Construction subsectors

Sullivan next sliced and diced the market for new building by giving the audience a look at several subsectors. In single-family building, still-low mortgage rates and job gains are helping make homes affordable for more Americans.

But headwinds exist. Millennials are burdened by debt, and are realizing the American Dream later. While low inventories and rising prices should spur accelerated building, declines in available skilled workers following the 2008-09 crash will result in at least 100,000 fewer housing starts per year. Sullivan believes the growth rates of single-family home starts will decline year by year from 2017 through 2022.

Meantime, new starts in multifamily should head in the opposite direction, going from today's under-water rates of growth to low single digits by 2022, Sullivan believes.

Today, he notes, one fifth of all American jobs are in offices. Expect the non-residential building subsector to grow, in tandem with the strong gains in employment.

Truly sobering stats rare found in the current and future state of public construction, which accounts for 50 percent of all concrete used in building. There's no doubt the country's aging population negatively impacts public construction.

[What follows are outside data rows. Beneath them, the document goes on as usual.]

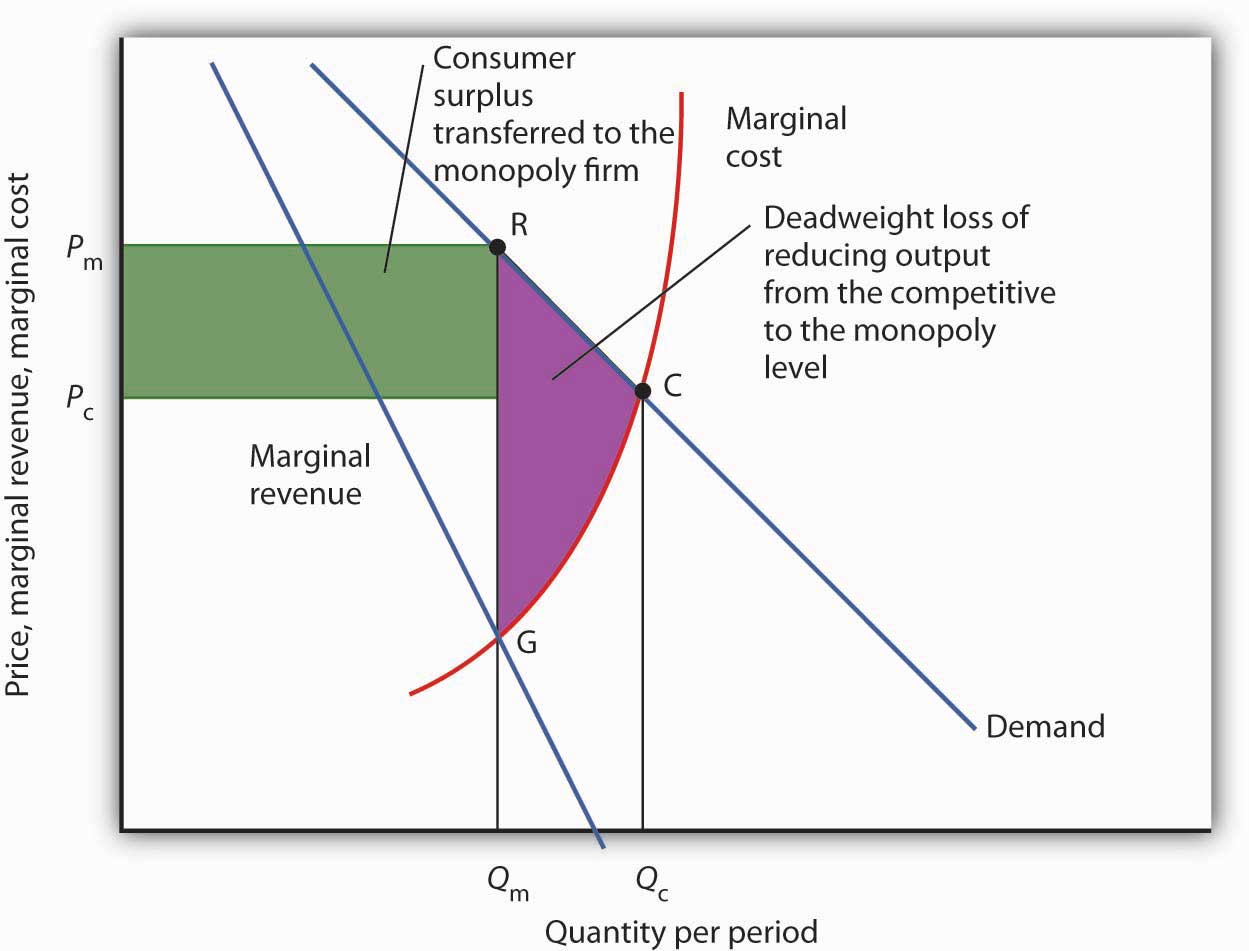 If the industry were competitive, consumer surplus would be the area below the demand curve and above PcC. With monopoly, consumer surplus would be the area below the demand curve and above PmR. Part of the reduction in consumer surplus is the area under the demand curve between Qc and Qm; it is contained in the deadweight loss area GRC. But consumers also lose the area of the rectangle bounded by the competitive and monopoly prices and by the monopoly output; this lost consumer surplus is transferred to the monopolist.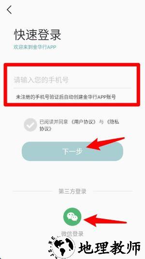 1、打开app,用户可通过输入手机号或微信授权方式登录金华行APP,首次登录将自动创建账号。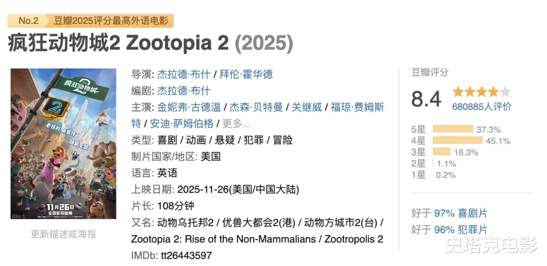 而《疯狂动物城2》算是将故事讲明白了,节奏感更好。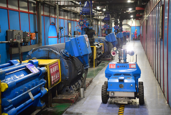 曹家灘智慧礦山井下的中央水泵房智能巡檢機(jī)器人在巡檢。 新華社記者邵瑞 攝

“States now spend more on Medicaid and Medicare than on schools,” Sullivan said. “The decline in public construction wasn't a 2017 blip. It's structural, as our older population puts pressure on public spending.”

Sullivan is no more upbeat on the prospects for success of President Trump's infrastructure plan.

“Eighty percent of the infrastructure cost falls on states and local governments already burdened by debt,” he noted.“The plan sounds attractive, but when you consider it relies on states, the likelihood it will generate $1.5 million in new infrastructure improvements is remote.”

Summarizing a cycle

“What we've got is the classic boom-bust cycle,” Sullivan told audience members. “The impact of the Trump infrastructure plan will not be as great as expected, so the boom won't be as great, nor will the bust . Under this scenario, the peak will occur in the first half of 2020, followed by decline.”

But, asked an audience member, “Could anything change this forecast? A natural disaster? Geo-political conflicts?”

“A trade war could do it,” Sullivan answered, “But more likely, the overheating of the economy, the rise in interest rates, and the Federal debt will emerge as bigger factors.”